Academic Dishonesty in a Modern Age

Nowadays, it’s easier to cheat than ever. 

It’s only to be expected, of course. With the Internet, mankind has access to more knowledge than at any point in human history- so, knowing what we know about human nature, it’s unsurprising to learn that people are using this for dishonest purposes. 

I’m not talking about in-class tests and quizzes, necessarily. Personally, I think homework is the greatest victim of the world wide web. Don’t know how to do a problem on Khan Academy? Use Mathway or Photomath! Don’t know what the heck William Shakespeare is talking about? Just look up an explanation. Don’t feel like reading Frankenstein? Use the Sparknotes summary. Don’t feel like conjugating your French verbs? Google Translate. Don’t know what to write about for your literary analysis essay? Watch a video of John Green analyzing it for you, and then write about that. It’s only a couple clicks away. 

And, while there may be a tendency to shake your head disapprovingly and mutter about the work ethic of today’s youth, this is a larger problem than just laziness. 

Let’s say, for instance, an AP teacher assigns a take-home FRQ for homework; the assignment is going to be graded. Student A and Student B now must both go home and do the FRQ. Student A knows that all the FRQs from previous exams can be found online somewhere, so they google it and find the answer key. Using the answer key, they answer the FRQ and get a perfect score. So what does Student B do? They know that other students will be doing this; if they were to try to answer the question honestly, without looking it up, they are almost guaranteed to get a worse grade. They are willingly putting themselves at an academic disadvantage. 

So let’s say Student B does the FRQ honestly, and when the grades come back, Student A gets an 100 and Student B gets a 70. Is the “moral satisfaction” that Student B receives really worth the potential loss in GPA?

Let’s consider another scenario. You come home from a track meet one night around nine. You have to shower, eat dinner, and do all your homework; you have fifty pages of Catcher in the Rye to read for tomorrow, some textbook work for your history class, studying for a computer science quiz, and on top of it all, you have some Khan Academy due at midnight. So, why shouldn’t you just open up Mathway and get the Khan out of the way? After all, you need to prioritize; you can’t waste time on some simple math assignment you probably know how to do anyway; you want to get to sleep before two. At the end of the day, you’ll get a 100 on the assignment, and you’ll get to sleep as well. 

I’m not defending academic dishonesty; I know it’s wrong.  What I want to do, however, is dispel the idea that students are cheating because they are ignorant or lazy. This new wave of academic dishonesty is a byproduct of the society in which modern students are being raised. Despite what we are told by schools about character and honesty, at the end of the day students believe (rightly, perhaps) that their GPA is all that really matters. After all, there’s no spot for a “character rating” on your resume. 

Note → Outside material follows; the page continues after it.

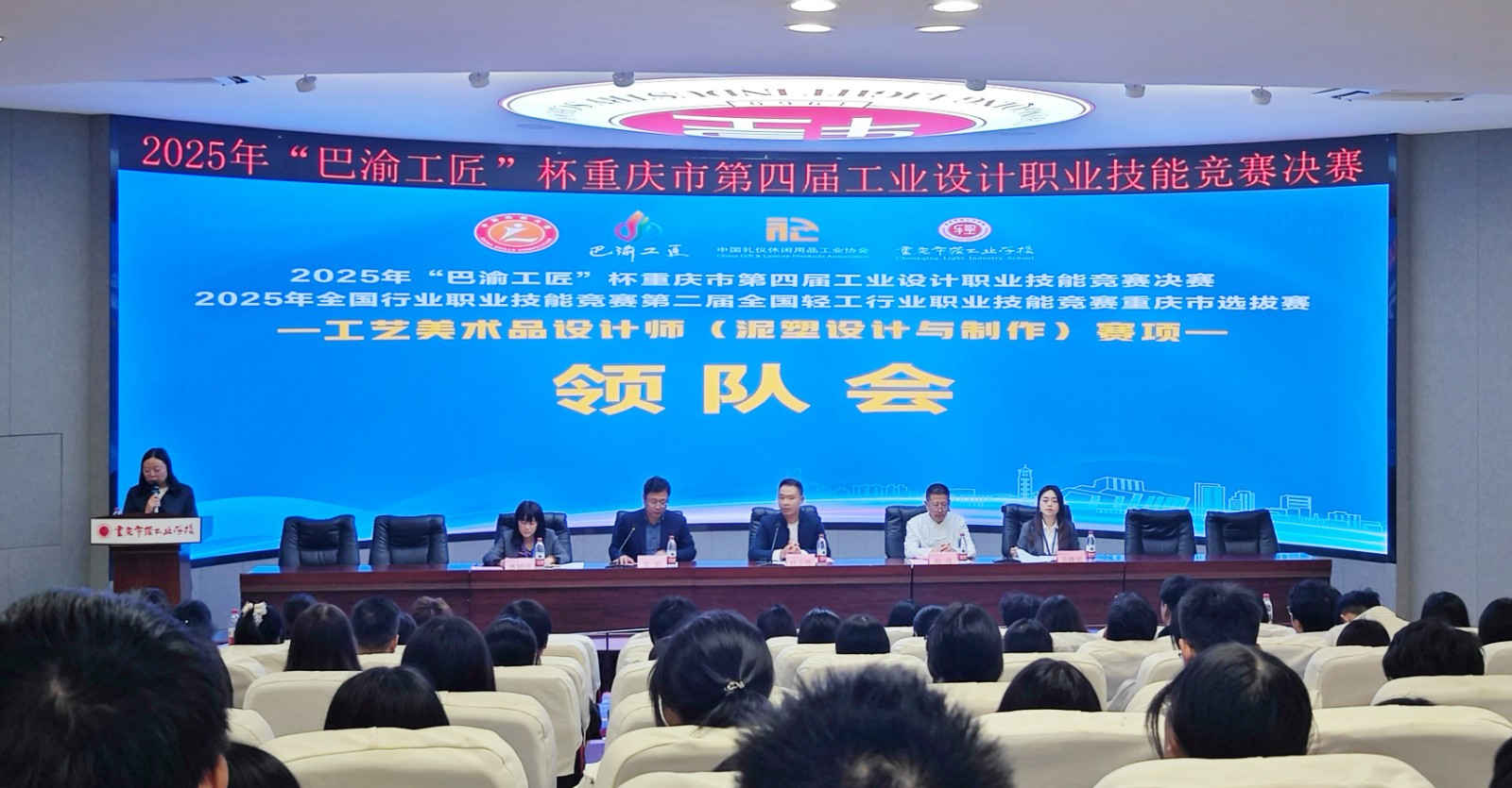 重庆市工艺美术大师刘强,重庆市轻工业学校党委副书记吕正伟、大赛办主任兼教务科科长吴珩、文化艺术系主任吴晓明、文化艺术系副主任林颖佳出席领队会,会议由学校大赛办副主任兼教务科副科长陈治玥主持。
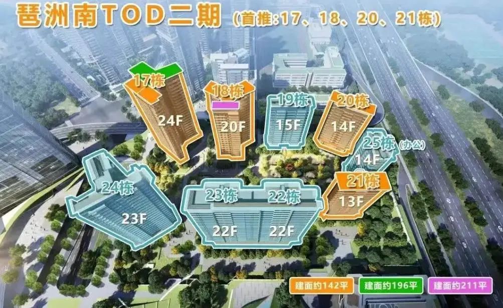以广州楼市的“门面”——琶洲南TOD二期为例,不仅延续了一期“CBD+TOD+POD开发模式”,二期更是在原有基础上进行了全系升级。在产品力上,二期住宅仅13-24层高,容积率仅有2.0,主力供应面积段为建筑面积142-280㎡,户型实用率更是再创新高。

We are taught to prioritize; to take difficult, challenging classes; to work in the most efficient way possible; to use technology to our advantage. It is not so much of a leap to use that same technology to get homework answers in the easiest way possible. 

In today’s academic society, there is a Machavellian impression that the ends always justify the means; that the person who got the A-plus by cheating is just more clever than the person who got the honest B; after all, all colleges will see is the grade. It is the byproduct of the society that is less about learning, and more about scores; be it GPA, SAT, ACT, or AP. 

So how do we fix it? I have no simple answer. But we need to take a hard look at the environment in which students are being raised, and remember that how you get there is just as important as where you end up.